● Problem description
Your copy runs from the line containing "and the host" through the last line of the listing, both included. Restate those lines word for word and leave out pictures.

● Dataset content
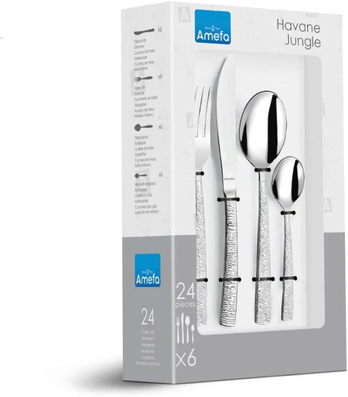 Set tacamuri 24 piese Amefa, Havane Jungle, inox 18/0, argintiu
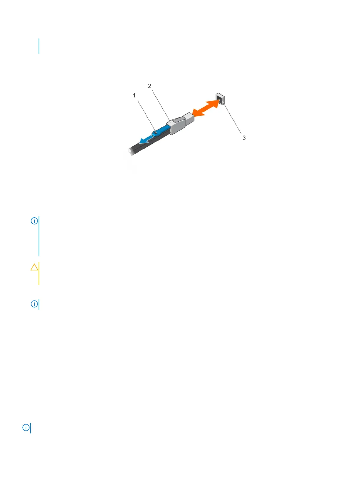 ● To remove the SAS cable, pull the pull-tab to release the cable from the connector on the EMM and the host
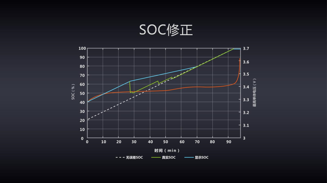 下图是我们客户在现场的实测试曲线,在电池SOC在20%时,故意将SOC调整至40%,人为引入20%的误差,大家可以看到真实SOC分别约为40%、60%、70%时,实施了3次校准,最终的SOC的误差控制在2%以内。

● Solution to the exercise
 ● To remove the SAS cable, pull the pull-tab to release the cable from the connector on the EMM and the host
 下图是我们客户在现场的实测试曲线,在电池SOC在20%时,故意将SOC调整至40%,人为引入20%的误差,大家可以看到真实SOC分别约为40%、60%、70%时,实施了3次校准,最终的SOC的误差控制在2%以内。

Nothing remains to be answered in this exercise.